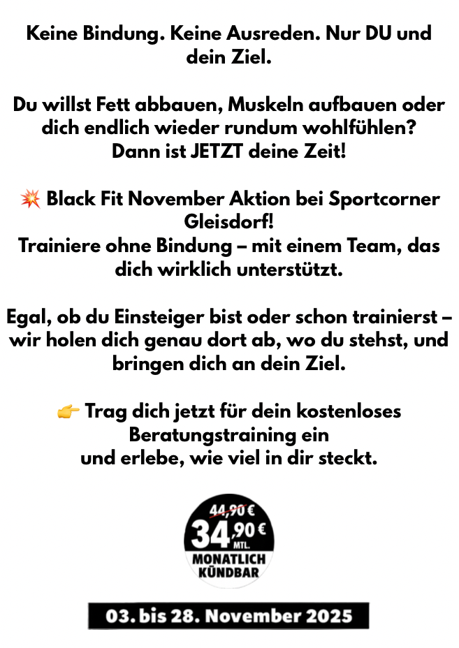 Im Anschluss zeigen wir dir gerne wie einfach Fitnesstraining auch für dich sein kann. Dafür nimm dir bitte zirka 1,5 Stunden Zeit.
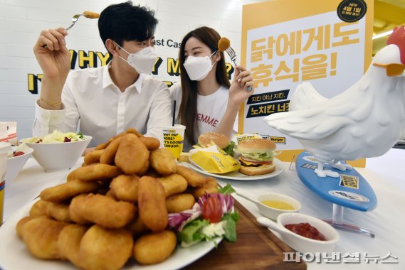 노브랜드버거가 31일 오전 서울 무교로 서울시청점에서 닭고기 대체육으로 만든 노치킨 너겟을 선보였다.
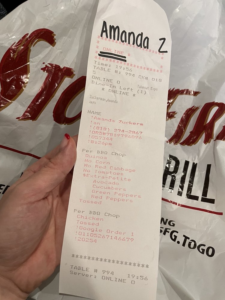 The chicken and tri tip for includes a half-grilled chicken, oz. of tri-tip, BBQ chopped salad (vegetarian), and freshly baked breadsticks
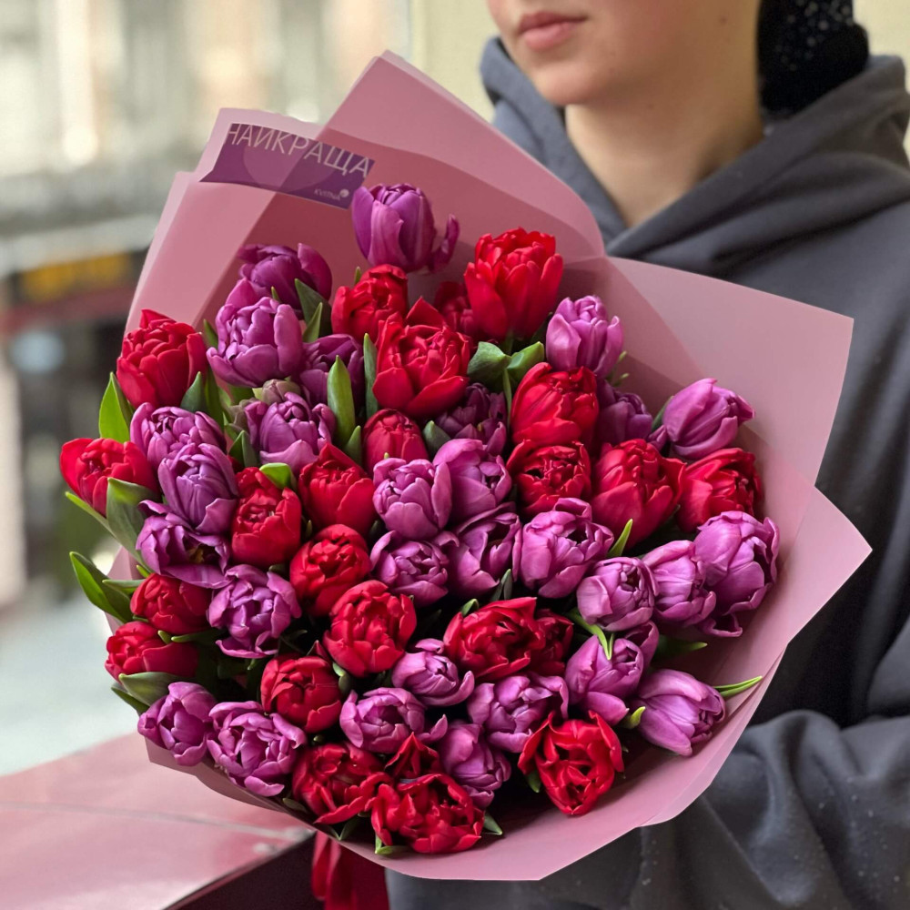 - Як замовити Яскравий мікс із піоновидних тюльпанів «Пристрасне побачення»? ❯

+--

The task: For this step, transcribe all the material above exactly and drop the images.

Result below:
 Im Anschluss zeigen wir dir gerne wie einfach Fitnesstraining auch für dich sein kann. Dafür nimm dir bitte zirka 1,5 Stunden Zeit.
 노브랜드버거가 31일 오전 서울 무교로 서울시청점에서 닭고기 대체육으로 만든 노치킨 너겟을 선보였다.
 The chicken and tri tip for includes a half-grilled chicken, oz. of tri-tip, BBQ chopped salad (vegetarian), and freshly baked breadsticks
 - Як замовити Яскравий мікс із піоновидних тюльпанів «Пристрасне побачення»? ❯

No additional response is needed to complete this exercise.